Lets give people some facts. The measure of income inequality is the Gini coeffecient. If all the income is owned by one person, and noone else has any income, the Gini coefficient is 1.0, and if everyone has the exact same income the Gini coefficient is Zero.
Since 1994 the US Gini Coefficient has been, for individuals, about 0.5, with small variations from 0.499 all the way to 0.512
http://politicalcalculations.blogspot.com/2011/10/shocking-trend-in-us-individual-income.html
I wonder what the figure would be if you factored out Soros and his 25B.
It ain’t the Gilded Age... it’s the Gelded Age.
I did not read the entire article. If someone is asking the question is there to wide of a gap between the rich and the poor the answer is yes. The conservative business model says There should not be a multi-million-dollar divide between the highest paid and lowest paid company employee. Capitalism is the best market system. But by design it consolidates money at the top. If that consolidation is excessive it creates disparity that leads to social unrest.
“In 2009 alone, at the same time as the US was being convulsed by mass layoffs, the number of millionaires in the country skyrocketed.”
That is because jobs are being replaced by those who are currently innovating and the innovaters are yet again making money off of their creations. No different than Facebook doing better than MySpace because Facebook offers more and is more polished.
I'm trying to figure out what impact this has in real-world terms. I mean, what does this MEAN for Germany? Is it somehow more free, has a better system, and the poor are less poor?
I ask because it seems like when you're talking about whether the top five percent has 'less than half the assets' or the top five has 2/3, it really doesn't seem much of a difference in real world terms for the rest of us.
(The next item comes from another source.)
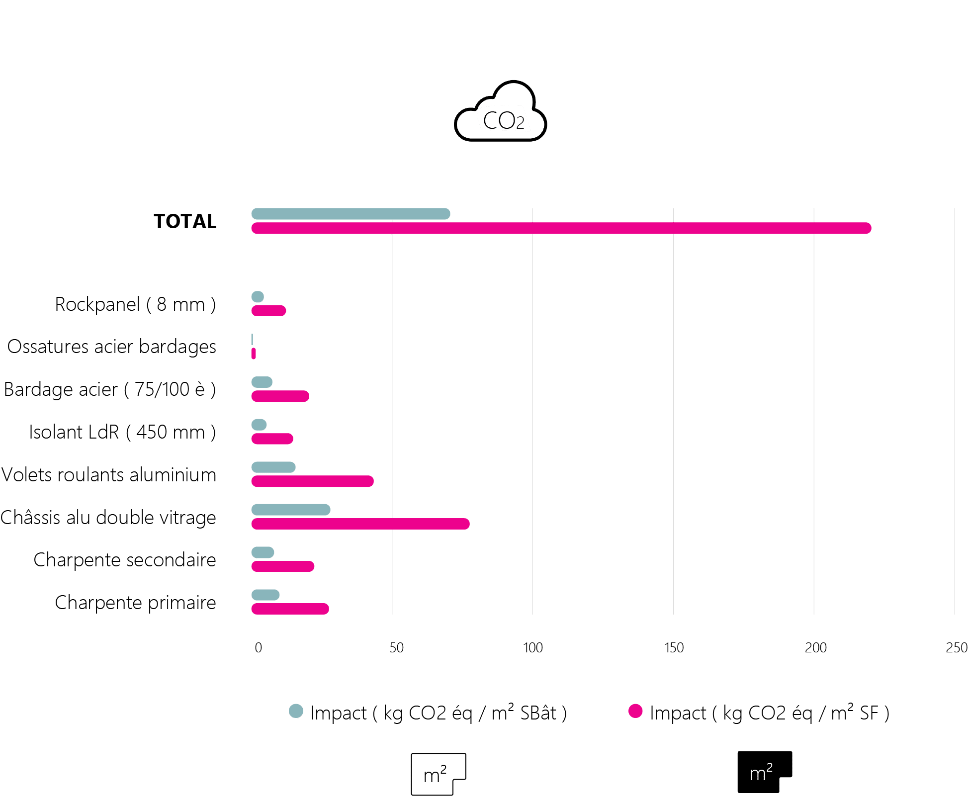 D’après nos données internes, une façade neuve représente en général de 50 kgCO2éq/m²Sbat, pour les façades les plus sobres (structure bois, peu de surface vitrée…) et les bâtiments les plus compactes (ratio de surface de façade / surface de plancher faible), à 150 kgCO2éq/m²Sbat pour les façades les plus complexes (grandes surfaces vitrées, doubles peau vitrées, structures aluminium…) et les bâtiments les moins compactes. De plus, ces valeurs peuvent encore grimper sur les façades particulièrement techniques des hôpitaux (vitrages respirants pour éviter les occultations intérieures, bâtiments peu compactes pour apporter de la lumière dans toutes les chambres et réduire les zones aveugles …).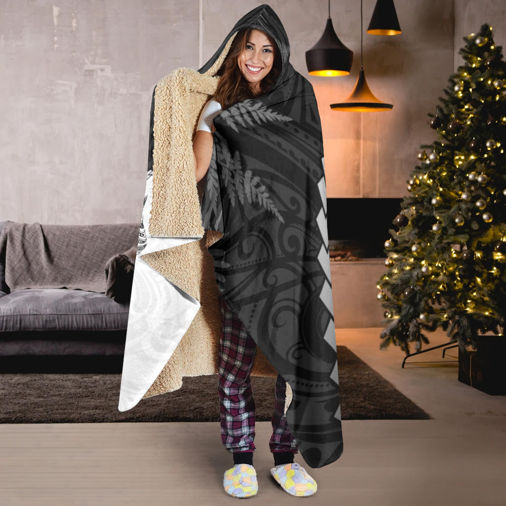 New Zealand Hooded Blanket Silver Fern Maori Pattern

“ Inequality in America is greater than it has been in almost a century. Those fortunate enough to belong to the 1 percent, made up of the super-rich, stand on one side of the divide; the remaining 99 percent on the other.”
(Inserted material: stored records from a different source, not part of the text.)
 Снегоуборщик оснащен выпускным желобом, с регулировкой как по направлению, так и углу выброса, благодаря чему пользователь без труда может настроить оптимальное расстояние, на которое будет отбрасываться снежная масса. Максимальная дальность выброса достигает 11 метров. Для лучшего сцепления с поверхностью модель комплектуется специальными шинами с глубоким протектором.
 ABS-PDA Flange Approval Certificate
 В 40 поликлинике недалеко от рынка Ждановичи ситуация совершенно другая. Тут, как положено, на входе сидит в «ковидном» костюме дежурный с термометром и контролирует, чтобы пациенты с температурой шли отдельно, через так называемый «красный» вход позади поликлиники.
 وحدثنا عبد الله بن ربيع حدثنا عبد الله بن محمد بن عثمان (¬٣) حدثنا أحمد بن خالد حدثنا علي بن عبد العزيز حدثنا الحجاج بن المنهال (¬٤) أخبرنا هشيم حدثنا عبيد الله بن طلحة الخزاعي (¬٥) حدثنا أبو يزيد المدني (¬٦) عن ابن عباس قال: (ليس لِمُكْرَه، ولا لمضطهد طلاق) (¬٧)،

But notice who, exactly, is being complained about and who is exempted from this complaint.
Even though Forbes, in their Celebrity 100 list for 2010 lists Oprah Winfrey’s income at 315 million, nobody is complaining that her wealth is part of “inequity”. Forbes ranked Beyonce Knowles at #2 in this list, with an income of $87 million.
The band U2 came in at #7 with 130 million. Jay-Z is number #15 at $63 million.
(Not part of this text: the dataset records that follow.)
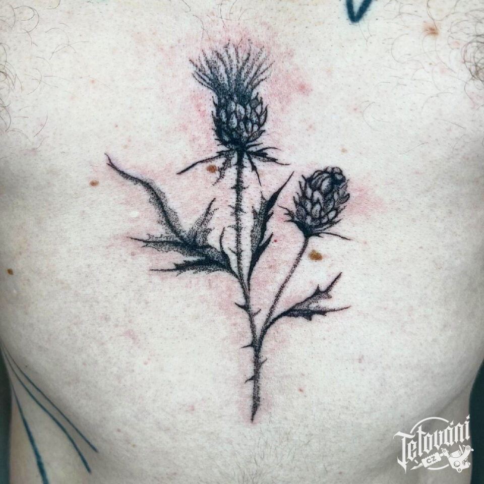 Tetování květina bodlák na hrudník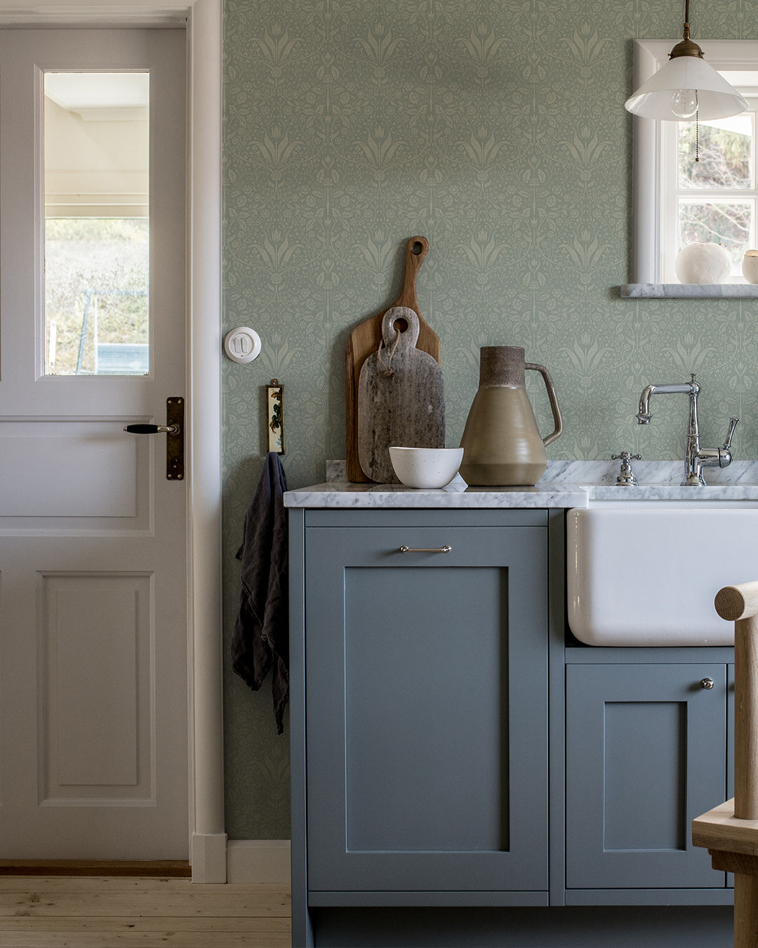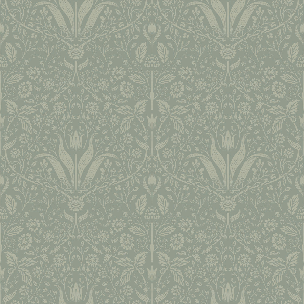 Mary är en klassiskt och tidlös tapet vars mönster har en lugnande effekt på våra sinnen. Den harmoniskt grågröna botten prydes av ljust gröna tulpaner och små ängsblommor med snirkliga blad. Tapeten har ett behagligt uttryck som passar utmärkt i hemmets alla rum.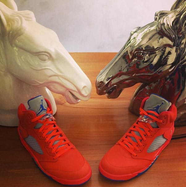在经过了多次曝光之后,大家对于这款即将在今年下半年发售的 Air Jordan 5 Carmelo Anthony PE 格外期待。而昨天,这款鞋的主人纽约尼克斯队的卡梅隆 安东尼亲自在个人 Instagram 上晒出了这双 Air Jordan 5 PE ,看来他本人也很是喜欢这款鞋。相信在他亲自的晒鞋之后,这款鞋的热度一定会更加升温。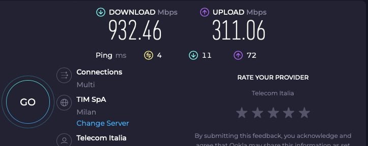 Ho fatto alcuni test con la 1Gbps di TIM:
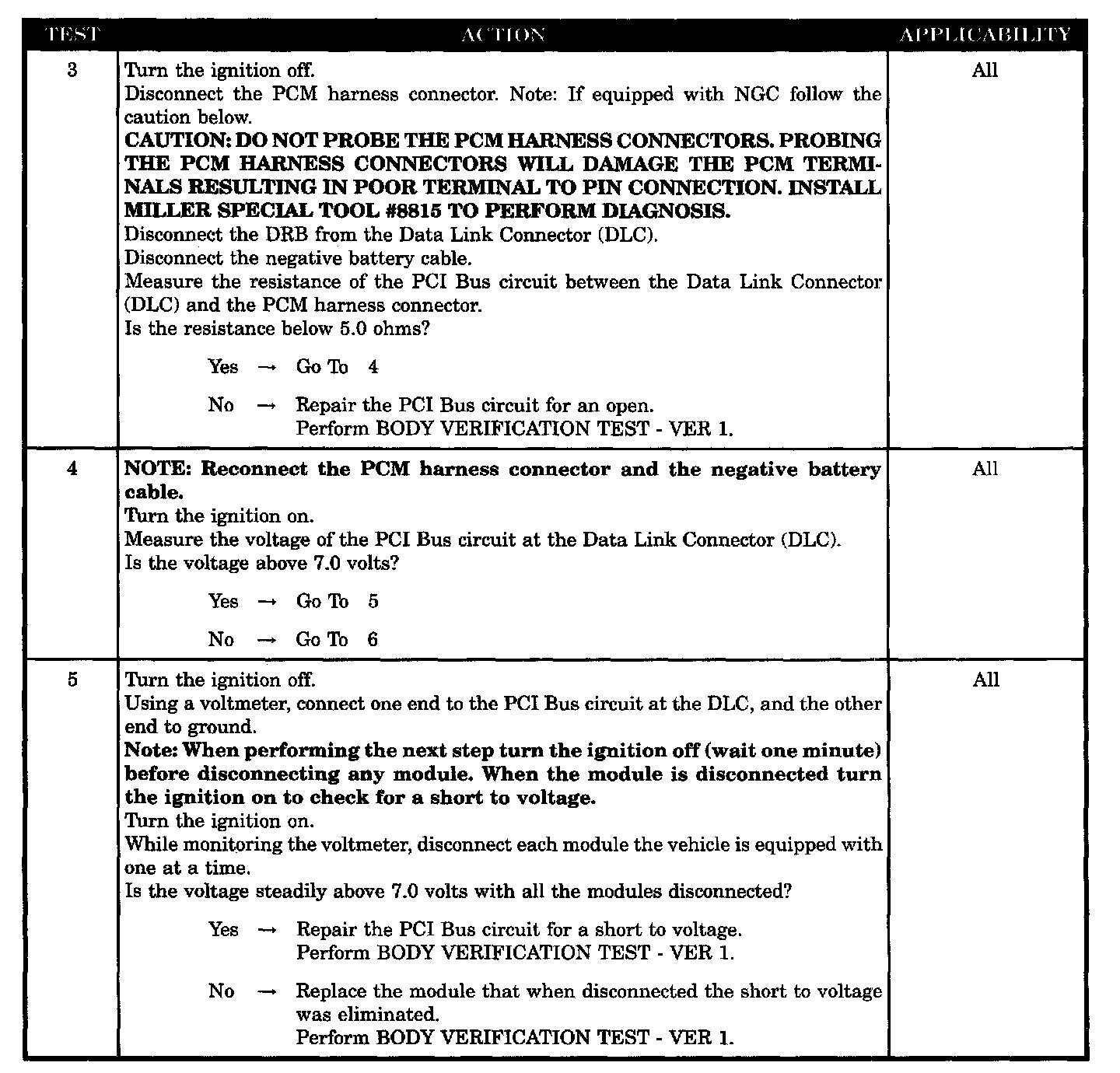 - Open PCI Bus Circuit At The Data Link Connector (DLC)

Is there something wrong that such talented people can earn so much worldwide income? No, actually, the leftist complaint is inverted. Instead of being a problem in our society, it is something to be celebrated.
The real problem is how few of those who complain about “income inequality” take full advantage of all the free ways to vastly improve their own ability to be similarly successful.
One case in point: while she is not American, J.K. Rowling wrote the first of her Harry Potter books while tending to her child and camping out in coffee houses of Edinburgh. Don’t like to write? The entire undergraduate coursework of a number of major universities is available online for free, if someone would only spend the time.
It appears that time is the one thing that #OWS have in abundance, along with writers for swanky leftist European magazines.